Вообще, стали спокойными все. Детей стали отпускать гулять допоздна - и никаких бед. И что у них ещё там. Правда, детей меньше стало. Редко стали размножаться. Дружить - дружат, да ещё лучше, чем было. Любить - любят: со стороны посмотреть, так ещё горячее, чем бывало. А размножаться - не хотят. Ни люди, ни звери.
А как же иначе: смерти-то нет. Вот жизнь и успокоилась чутка.
По привычке родят там-сям, но пока места всем хватает.
А под это дело стали вдесятеро активнее космонавтику осваивать: чтобы, значит, на марсе яблони выращивать, или что там. Я человек старомодный: как о мне, лучше яблони на на марсе - даже неказистые, чем грибы на земле - особенно, яркие и горячие.
Назын говорил, что всё это: и войны и болезни и раздоры, равно и безоглядное размножение - и многое другое - слуги смерти. Её гонцы. Её пальцы. Щупальца. Нити. Леска. Блесна. Смерть сделала мир для себя, чтоб спастись от ненасытности. Брюхо бездонное набивать жизнью. Сбивался на непереводимое - на сакральных языках - что мне в этих звуках? Ты говоришь Назын, и раз говоришь - значит, знаешь, что говорить. И я слушаю тебя, Назын. Брат мой названный. Так вот - как не стало смерти, не стало ни слуг, ни нитей, ни блесны.
Олег говорил - это как гравитация. Что жизнь - патология и флюктуация, а смерть - норма и эталлон. От неё одно на другое накладывается, наслаивается. Получаются войны, катастрофы, мор и язвы. Показывал цифры, потому что в словах не точно - что мне цифры? Так говоришь ты, Олег, а раз говоришь - неужели говоришь не зная? И я слушаю тебя, Олег. Брат мой кровный. А мы выдернули норму из-под патологии, и оказалось, что и без нормы неплохо.
Пропал из мира стремление к смерти, вот что.
А как живое смерти надо было, то и плодиться и радоваться и грустить можно без истерики - от чистосердечного желания.

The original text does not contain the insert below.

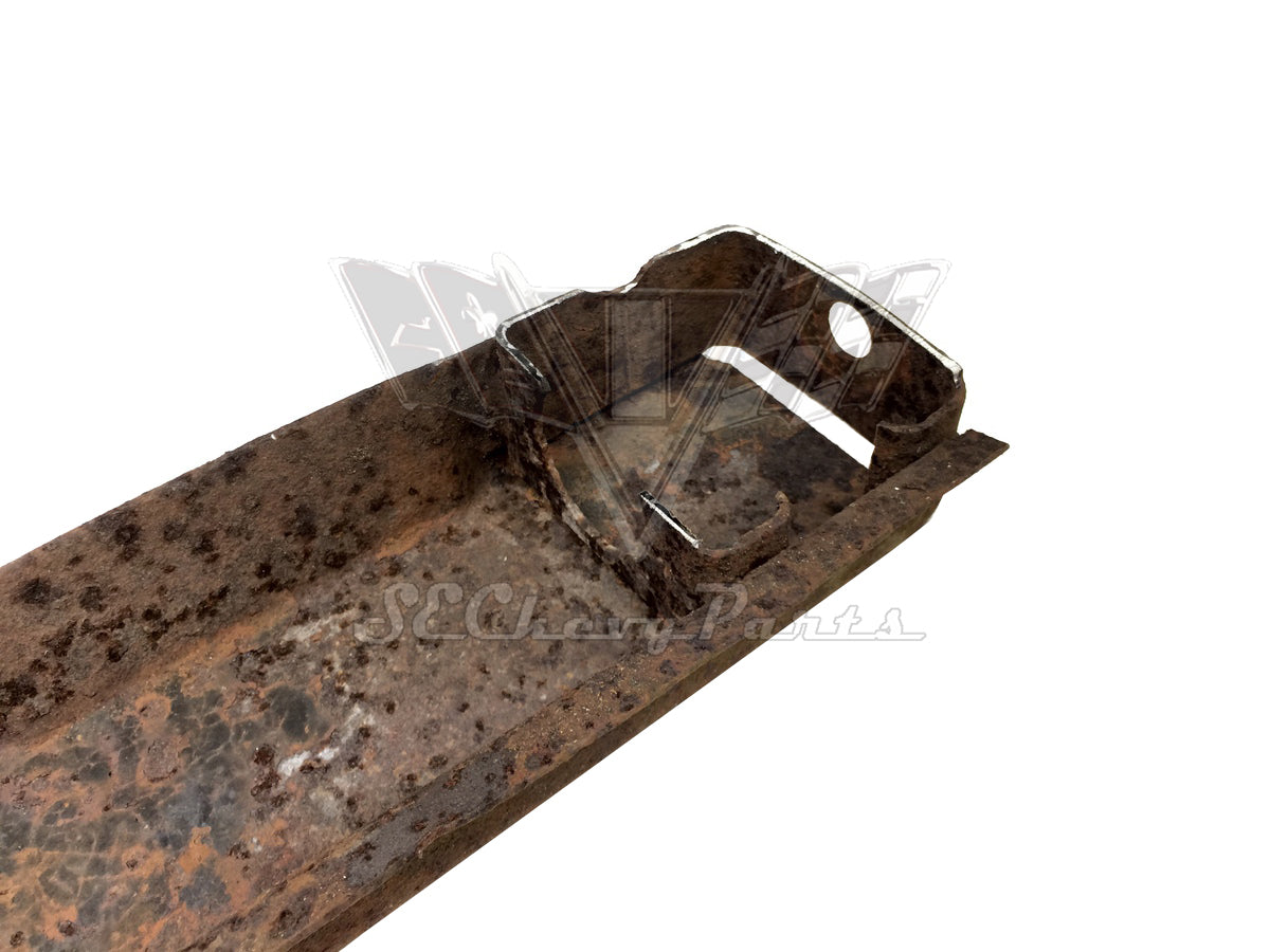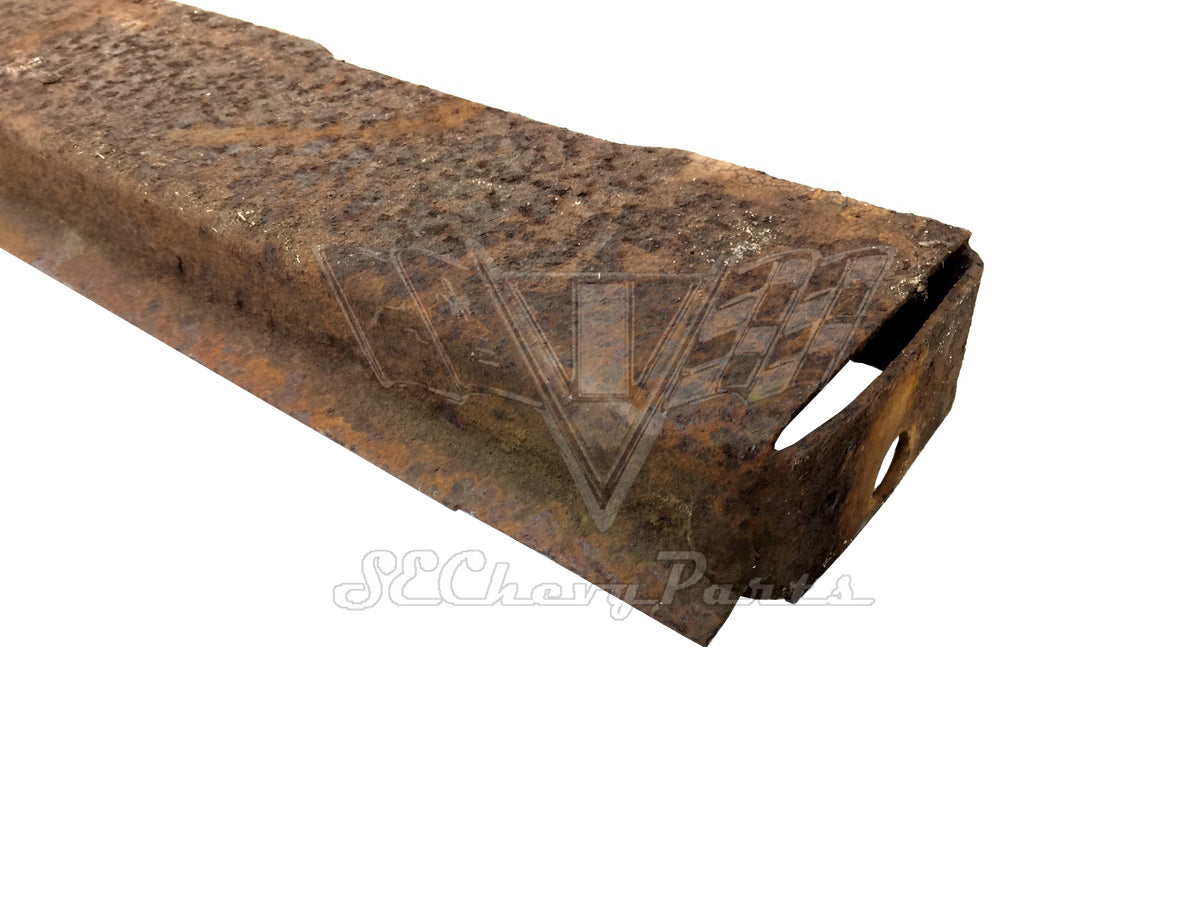 This 1961-1964 Chevy Impala Frame Chassis Rear Section is an original used GM part. The metal has some pitting but is straight and cut so that it can easily be welded back on.

При смерти такого не было и быть не могло: всё в её свете подспудно истерило. Всё было конечным, и знало об этом, и не умело ничего с этим сделать. Всё было обречено - и обречённость была единственной причиной существования всего. Всё было, чтобы быть обречённым - всё было материалом для обречённости. И не было другого смысла, кроме как кануть однажды в агонии и дряни, в луже своих нечистот - потеряв всякое лицо, и утомив всех вокруг своим затяжным умиранием. А кто умирал быстро, вдруг - ну, значит, повезло человеку. Жизнь научилась радоваться быстрой смерти, взамен мучительной, и воспринимать это как норму.
Оттого и было всё таки истерично. И любовь и покой и жизнеутверждение.
Жизнеутверждение было манифестом, попыткой перекричать неизбежное и надвигающееся. Попыткой перекричать себя - вшитое, врождённое знание, что рождаешься на блдюе, и на съедение, и нет другой участи. Потому кричали: я люблю тебя, жизнь - словно отводили глаза от страха смерти. Потому и кричали: в жизни успей попробовать всё: словно смерти было дело: что ещё пища успела познать, а чего - нет.
И любовь распадалась на истерику трагизма и истерику эскапизма:
Вот с одной стороны — комический ситком Ромео И Джульеты, и стоический трагизм и их наследников: Антонио и Розалины, здесь же — Арманс и Бедная Лиза. Сгущёные в китч эмоции, густое страдание, мощный немощный трагизм каждого жеста, поцелуй - как предвестник разлуки, обещание - как признак обмана. Страсть - как безнадёжная попытка зарыться друг в друга от того, что идёт по пятам.
Напротив наступает эскапизм добродушых ромковом с елейными клише хеппи-эндов: россыпь лёгких курьёзов и нелепых самокопаний, красивые жесты извинений: неспешно спускается Рос в аэропорт, чтобы успеть к обещанной Рейчел. Но не успеть за ней невозможно: Рйчел всегда дождётся, а Рос всегда успеет.
Посреди топтались центристы: будь то советское дзуйхицу Любить и Романс О Влюблённых, будь то итальянское Презрение, будь то уютное ретро Плавучего Дома.
Даже покой — даже покой был истеричным: успокоившись, вкусив посильного единения с дозайном, дзеон, дао, абсолютным духом вне категорий, живущие не умели выразить это иначе, чем истерично визжа: «Покой! Это покой! Все сюда, тут покой!»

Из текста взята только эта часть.